PCI Associate Cardholder Data Declaration

INTERNAL USE ONLY
Version: V1.0 Page 4 of 5

2 INTRODUCTION
2.1 Purpose
To ensure that authorized associates only obtain from customers or process customer
payment card information within defined applications and tools or in accordance
with defined processes. Associates authorized to undertake such activity are
required to sign the attached declaration by way of compliance.

2.2 Scope
This declaration covers all associates working within an operational area, where
payment card information is processed, who are defined as being responsible for the
processing of payment card information as part of their role.

3 INSTRUCTION
It is the responsibility of the Operations Manager within each client program to
ensure that all declarations are completed by all authorized associates.
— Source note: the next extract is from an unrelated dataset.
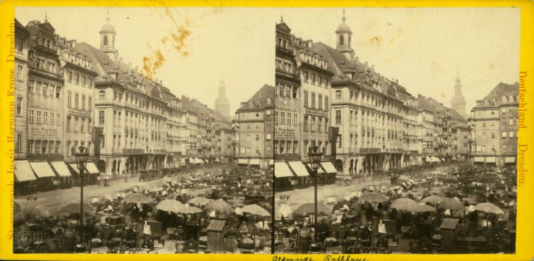 Wegen deren Abstandes von etwa 60 bis 70 Millimeter entwerfen sie auf ihren Netzhäuten zwei geringfügig voneinander verschiedene Bilder, die im Gehirn zu einem räumlichen Bild verschmolzen werden. Die Stereofotografie vollzieht dies nach und fügt so der „flachen“ Fotografie die dritte Dimension hinzu.“ Auf der abgebildeten Archivalie ist das lebhafte Markttreiben mit den Händlern und Käufern auf dem Altmarkt um 1865 dokumentiert. Am linken Bildrand befindet sich das Dresdner Rathaus, hervorgehoben durch den Dachreiter mit Uhr. Im Hintergrund zeichnet sich mittig die Silhouette des Hausmannsturms ab. An den Nachfolgebauten der 1950er Jahre ist der Standort des Altstädter Rathauses durch das Dachtürmchen markiert (heute: Eingang Altmarkt Galerie). Carl Hermann Julius Krone hatte es sich bereits in seinem Gesuch für das Bürgerrecht als Hauptaufgabe gestellt, die Stadt „mit besten Absichten“ zu dokumentieren. Seit 1849 verweilte Krone zeitweise in der Kunstakademie Dresden. Nach Erlangung des Bürgerrechts eröffnete er 1853 sein erstes Fotostudio auf Marienstraße 30 in der Nähe des Postplatzes. Das Stadtarchiv verwahrt neben den erworbenen Stereofotografien auch die Gewerbeakte von Carl Hermann Julius Krone mit Geschäftsbriefen, Rechnungen und anderen Gewerbeunterlagen.

It shall be a
condition that this declaration is signed and returned to the Operations Manager in
advance of completing training. Once signed the declaration shall be retained in the
employees personnel file.

Operations Managers shall be responsible to maintain a summary record of all

associates within their client program detailing the name and date of signing of each
associate declaration. Records shall be maintained and made available for audit upon
request.

4 COMPLIANCE

Compliance with this instruction is mandatory and is subject to independent review

by both internal and external parties. Violations of this policy will be subject to
disciplinary action and/or governing contract in the case of 3rd parties. Violations will
be investigated and may result in enforcement of relevant contractual terms,
disciplinary action, up to and including termination.

5 EXCEPTIONS

Cases for exceptions to this instruction may be made upon application. A

documented exception will only be considered for a specific operational or functional
area and for a defined timeframe. All exceptions will require completion of a risk
assessment and formal risk acceptance by relevant and impacted management.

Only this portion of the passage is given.